───── Given information ─────

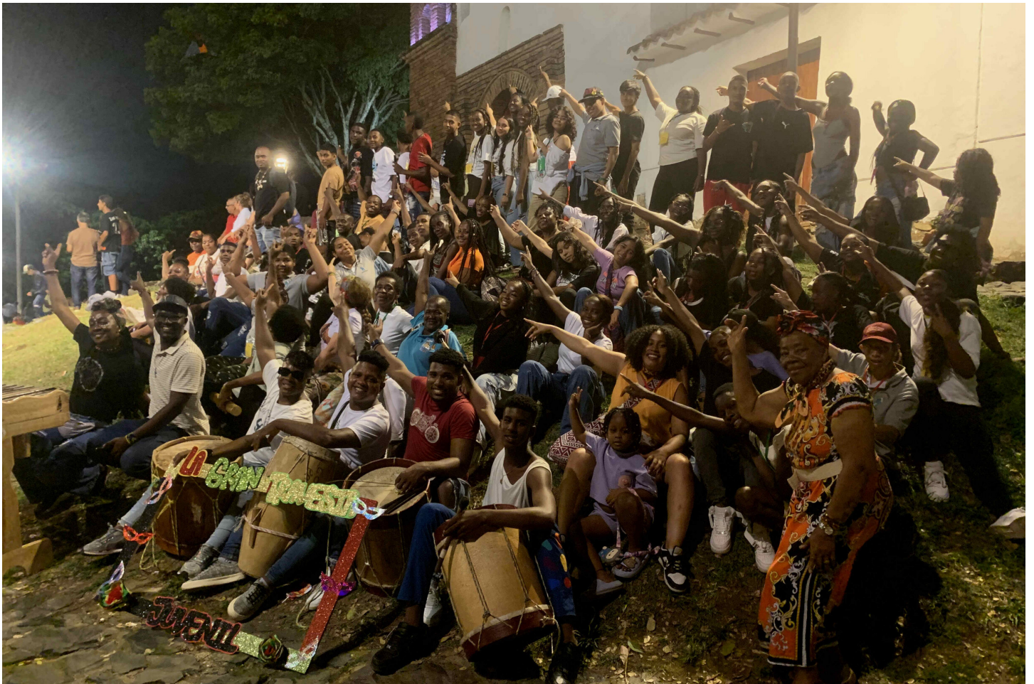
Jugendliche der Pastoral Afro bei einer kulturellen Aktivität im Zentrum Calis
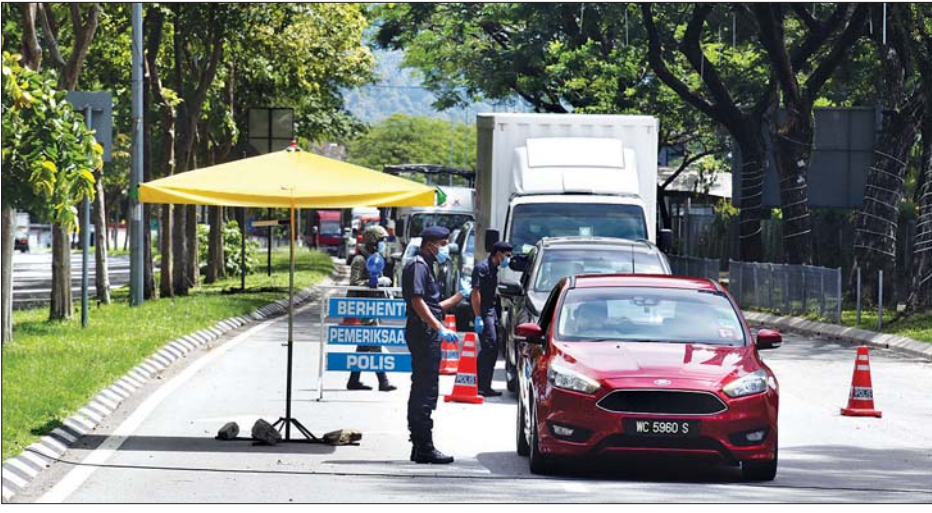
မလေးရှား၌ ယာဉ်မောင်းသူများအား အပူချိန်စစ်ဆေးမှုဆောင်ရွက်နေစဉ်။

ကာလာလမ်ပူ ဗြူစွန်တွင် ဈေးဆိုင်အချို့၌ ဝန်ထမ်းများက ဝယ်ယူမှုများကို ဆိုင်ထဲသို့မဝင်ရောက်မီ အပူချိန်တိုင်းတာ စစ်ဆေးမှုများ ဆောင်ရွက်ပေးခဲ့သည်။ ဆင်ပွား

─────

Reproduce the material word for word, pictures excluded.

Jugendliche der Pastoral Afro bei einer kulturellen Aktivität im Zentrum Calis
မလေးရှား၌ ယာဉ်မောင်းသူများအား အပူချိန်စစ်ဆေးမှုဆောင်ရွက်နေစဉ်။

ကာလာလမ်ပူ ဗြူစွန်တွင် ဈေးဆိုင်အချို့၌ ဝန်ထမ်းများက ဝယ်ယူမှုများကို ဆိုင်ထဲသို့မဝင်ရောက်မီ အပူချိန်တိုင်းတာ စစ်ဆေးမှုများ ဆောင်ရွက်ပေးခဲ့သည်။ ဆင်ပွား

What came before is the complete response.